Mini Crit: Katamari Forever

It turns out that when you’ve not been able to play the games you wanted to write blog posts about because you’ve spent the week playing a different game, you should write a blog post about that instead. Logic! With that startling revelation comes a new featurette, Mini Crits: shorter posts about games that, while good, don’t need huge walls of text devoted to them.

Reviews of Katamari Forever*, the next game in the series that sets you in the role of the son of the King of All Cosmos and tasks you with using a magical ball to roll up items in order to create ‘stars’, seem to have focused on a couple of issues:

You see, for all the silliness, Katamari Damacy was at heart a didactic condemnation of the developed world’s rampant consumerism. Takahashi never wanted to make another Katamari game. Not only had his point been made elegantly by the first game, but also the core idea had been fully explored.

-Simon Parkin, Eurogamer

Rolling a katamari is as charming as ever, but you may have rolled most of these katamaris before.


The first point is easy enough to address: Takahashi made a sequel thus fully opening the doors to the series expansion into a franchise. The second is a little more complex, but in my opinion, still somewhat unfair. Named Katamari Tribute in Japan, Forever is essentially an HD re-make of levels from the previous games. I may be starting to sound like the traditional ‘fanboy railing against the mean journalists’ here, but it seems unfair to criticise KF for re-hashing old levels when it’s entire purpose is a greatest hits of the series to date. You don’t criticise a band’s Best Of compilation for using previously recorded material.

As with previous games the final few levels reach a ridiculous scale.

That gripe aside, Katamari Forever breaks down like this: For newcomers to the series it is, pretty much, an essential purchase. Katamari remains a brilliant concept and, unsurprisingly, it’s as fun as ever here. Series veterans, however, will have to weigh up whether the game adds enough new twists to justify the asking price**.

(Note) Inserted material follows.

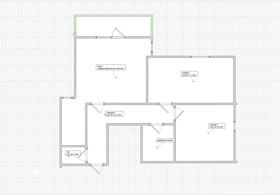 Powierzchnię mieszkania (67,93 mkw.) stanowią:• salon z aneksem kuchennym oraz wyjściem na balkon - 30,8 mkw.,

There’s certainly a lot of content on offer. Each level can have up to four different modes in which it can be played. The Endless mode, which allows Katamari’s to be rolled independent of time constraints, is a feature so obvious it’s staggering this is its first inclusion. The soundtrack has also had some attention, consisting of some excellent remixes of previous songs in the series (and some that make you pine for the originals to be included). While not the most visually stunning game you’ll ever see, the graphics are charming and, as with everything on offer here, in keeping with previous games. Of special note is the filter applied the first time you play through a level in the King’s memory: at first everything is black and white, with colour returning to any object in the level that matches something you have already rolled. Not only is this a nice visual representation of the story but also a helpful gameplay mechanic highlighting potential routes that would be beneficial to your growing size.

On successive level playthroughs different graphical filters can be selected.

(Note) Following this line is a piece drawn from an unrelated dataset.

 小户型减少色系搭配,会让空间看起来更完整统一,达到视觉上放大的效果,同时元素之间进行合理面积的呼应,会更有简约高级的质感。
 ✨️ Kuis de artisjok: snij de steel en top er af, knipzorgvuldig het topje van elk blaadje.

Some will argue that there still isn’t enough new content to make the game worthwhile, and that’s fair enough. For me, especially after the deluge of ultra-violent, ultra-murky (I’m looking at you Prototype) games I’ve played recently, the passive, peaceful atmosphere of Katamari Forever has been exactly the game I’ve wanted to indulge in over the last week.

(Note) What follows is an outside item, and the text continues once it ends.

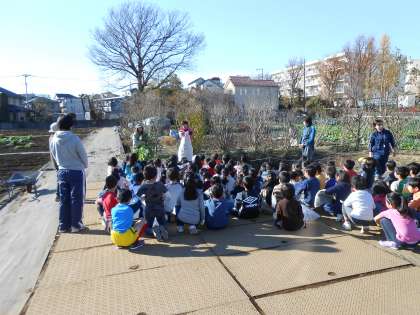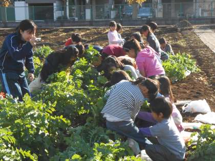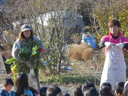 12日に1年生が、だいこんぬきに再チャレンジしました。1本6kgもある「おふくろ」だいこん。2人で1本を力を合わせてぬきました。「うんとこしょ、どっこいしょ。」声を出してぬきました。1本を半分に切って持ち帰りました。また、今日の給食にも登場します。

*On browsing some of the review summaries from Metacritic I noticed one that read, “Katamari Forever is the penultimate game in the series thus far”. Hey, Metacritic: How about you don’t count the opinion of people who don’t know what penultimate means?

**Actually, don’t pay the asking price which is a staggering £45 RRP. It’s available, with a little digging online, for about 20 notes, a much more reasonable price.